3. Sensing a pattern? Same speech at the Aveda Salon or Headlines (Bumble) with a twist: "I have really frizzy/flat/oily/thin/whatever hair. Can you show me some products that might help and how to use them in my hair?"


U.Village is practically a botanical gardens. Look around. Their landscaping is amazing. Look at the plants you like best. Are they in sun or shade? containers or beds? You can then go to Ravenna gardens and usually find the names of them. Bank the names away for checking clearance racks and hardware and garden stores or the prevalent Seattle plant sales that pop up. Ravenna Gardens is also a great place to get terrarium inspiration... I'm obsessed.
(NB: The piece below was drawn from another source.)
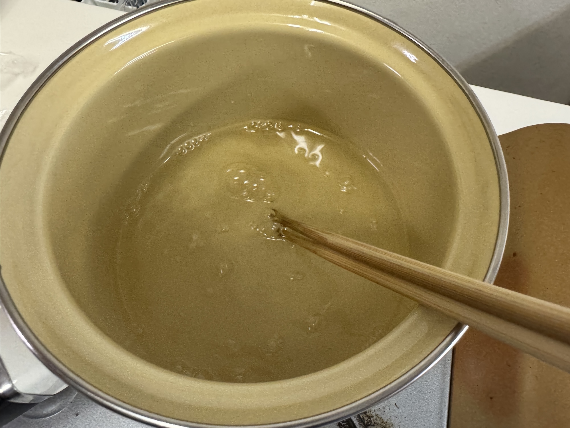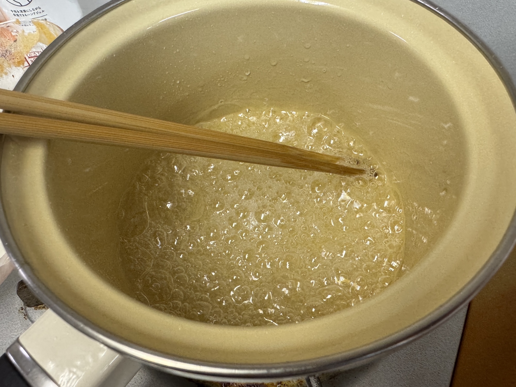 弱火で3分ほど煮てみたところ、まだシャバダバの水だ。たぶん “とろみ” 的なものが発生しないと、生地に絡まないよね?

Fireworks and The Art Study are great places for me to steal jewelry design and art project ideas to try to complete on my own. I suppose that if you are into that stuff, Impress, Papyrus, and Paper Source are also great Inspiration Points.
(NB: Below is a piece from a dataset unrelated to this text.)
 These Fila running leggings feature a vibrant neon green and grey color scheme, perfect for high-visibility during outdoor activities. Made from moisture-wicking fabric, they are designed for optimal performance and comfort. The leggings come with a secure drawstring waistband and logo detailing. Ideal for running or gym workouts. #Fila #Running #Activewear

This is the step I rarely skip. This is where I spend that five dollars: Fran's. Do not get coffee at Starbuck's. Get it at Fran's. You get a free piece of their dark chocolate with your drink. If you peruse the truffle bar long enough, you will be offered an additional free sample. They are delicious. I usually buy one truffle and a double, short, decaf Americano. My favorite truffles are the whisky (of course), espresso (duh), or orange, and I very much like the dark chocolate imperials which are like a truffle version of a molten chocolate cake. My 4 year old recommends the caramels.


Take your coffee, truffle, and book or magazine from your purse and go to the bathroom. Yes. The bathroom. Actually, I mean THE bathroom. The new bathroom on the west end of the latest south addition. It has a lovely, large sitting area that is separated from the toilet section. Your phone won't work well in there, but it is so peaceful. I have sat there and had many great conversations with friends.

Get a bra fitting. You can do it at Victoria's Secret, but there you will be bombarded by giant posters of naked ladies. At Zovo across from Blue C and Banana Republic area, you will have a quiet, boutique experience with knowledgable staff. They have excellent sales, and they will tell you when they are. They keep each type of inventory for a long time, so chances are you will be able to get it on sale. I have 3 bras from there now, and they are the most comfortable and longest lasting ones I have. I was very surprised to learn how wrong the size I'd been wearing was, and equally surprised by how much more comfortable I am now. Check the luxurious jammies on the sale rack too. Trust me. Some people will spend $$$ on a dress that they will wear once. Not me. I want dresses to be on major sale. Nightgowns, though, I'll spend a little more on. Why? Because I will wear it 3 out of 7 nights a week! My sleep is an essential part of my care for myself and wearing something super soft and comfortable that fits well helps me to sleep well. Nice jammies make me feel a little better on my frequent, frustrating sick days, and they are worth EVERY PENNY I'm willing to spend. Nicest thing is that no one (but maybe your partner) will ever have to see it, so you can get a LOT of wear out of them.

I know these things are luxuries. I know they are superfluous, maybe even silly things. I for one, though, enjoy them. I can be very, very thankful for them. Sometimes I get overwhelmed with guilt and think, "How can I waste time in a place like this when people around my city and world are struggling? How can I spend money on coffee and chocolate?" These are questions I do still struggle with often. Life can be very, very heavy for lots of people. I have found, though, many opportunities to lighten my own and the burdens of my friends by spending time like this together. Things like facials and chocolate are pleasures God made. We should thank him for them and pray for those who don't have them, always mindful. I consider my U.Village forays to be baby steps towards more advanced, energy-requiring forms of self-care. These are low-commitment, bang-for-your-buck refreshers, and when you are ready to test my tips, you call me ;).